本申请附加的方面和优点将在下面的描述中部分给出,这些将从下面的描述中变得明显,或通过本申请的实践了解到。
附图说明
本申请上述的和/或附加的方面和优点从下面结合附图对实施例的描述中将变得明显和容易理解,其中:
图1是本申请中的实施例执行所述网络访问的异常判定方案的应用环境图;
图2是本申请中的一个实施例的网络访问的异常判定方法的流程图;
图3为本申请中的一个实施例的网络访问的异常判定装置的示意图;
图4为本申请中的一个实施例的服务器的结构示意图。
具体实施方式
下面详细描述本申请的实施例,所述实施例的示例在附图中示出,其中自始至终相同或类似的标号表示相同或类似的元件或具有相同或类似功能的元件。下面通过参考附图描述的实施例是示例性的,仅用于解释本申请,而不能解释为对本申请的限制。
本技术领域技术人员可以理解,除非特意声明,这里使用的单数形式“一”、“一个”、“所述”和“该”也可包括复数形式。应该进一步理解的是,本申请的说明书中使用的措辞“包括”是指存在所述特征、整数、步骤、操作、元件和/或组件,但是并不排除存在或添加一个或多个其他特征、整数、步骤、操作、元件、组件和/或它们的组。应该理解,当我们称元件被“连接”或“耦接”到另一元件时,它可以直接连接或耦接到其他元件,或者也可以存在中间元件。此外,这里使用的“连接”或“耦接”可以包括无线连接或无线耦接。这里使用的措辞“和/或”包括一个或更多个相关联的列出项的全部或任一单元和全部组合。
本技术领域技术人员可以理解,除非另外定义,这里使用的所有术语(包括技术术语和科学术语),具有与本申请所属领域中的普通技术人员的一般理解相同的意义。还应该理解的是,诸如通用字典中定义的那些术语,应该被理解为具有与现有技术的上下文中的意义一致的意义,并且除非像这里一样被特定定义,否则不会用理想化或过于正式的含义来解释。

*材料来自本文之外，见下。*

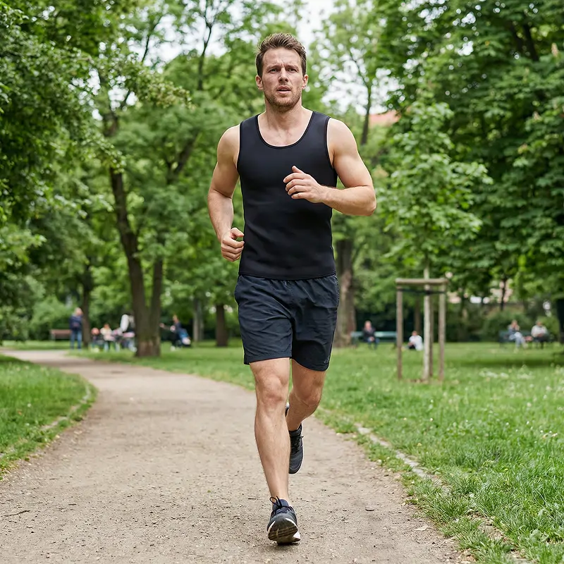 Am luat asta pentru plimbările de seară. Îmi îmbrățișează trunchiul fără să strângă, intensifică rapid transpirația, iar conturul abdomenului sub tricouri este mult mai curat.
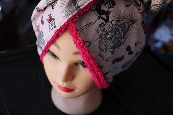 Très stylé, ce turban en tissu rose imprimé Paris est doublé d'une éponge de coton de couleur Fushia vous accompagnera partout en toute élègance.

本技术领域技术人员可以理解,这里所使用的“终端”、“终端设备”既包括无线信号接收器的设备,其仅具备无发射能力的无线信号接收器的设备,又包括接收和发射硬件的设备,其具有能够在双向通讯链路上,执行双向通讯的接收和发射硬件的设备。这种设备可以包括:蜂窝或其他通讯设备,其具有单线路显示器或多线路显示器或没有多线路显示器的蜂窝或其他通讯设备;PCS(Personal Communications Service,个人通讯系统),其可以组合语音、数据处理、传真和/或数据通讯能力;PDA(Personal Digital Assistant,个人数字助理),其可以包括射频接收器、寻呼机、互联网/内联网访问、网络浏览器、记事本、日历和/或GPS(Global Positioning System,全球定位系统)接收器;常规膝上型和/或掌上型计算机或其他设备,其具有和/或包括射频接收器的常规膝上型和/或掌上型计算机或其他设备。这里所使用的“终端”、“终端设备”可以是便携式、可运输、安装在交通工具(航空、海运和/或陆地)中的,或者适合于和/或配置为在本地运行,和/或以分布形式,运行在地球和/或空间的任何其他位置运行。这里所使用的“终端”、“终端设备”还可以是通讯终端、上网终端、音乐/视频播放终端,例如可以是PDA、MID(Mobile Internet Device,移动互联网设备)和/或具有音乐/视频播放功能的移动电话,也可以是智能电视、机顶盒等设备。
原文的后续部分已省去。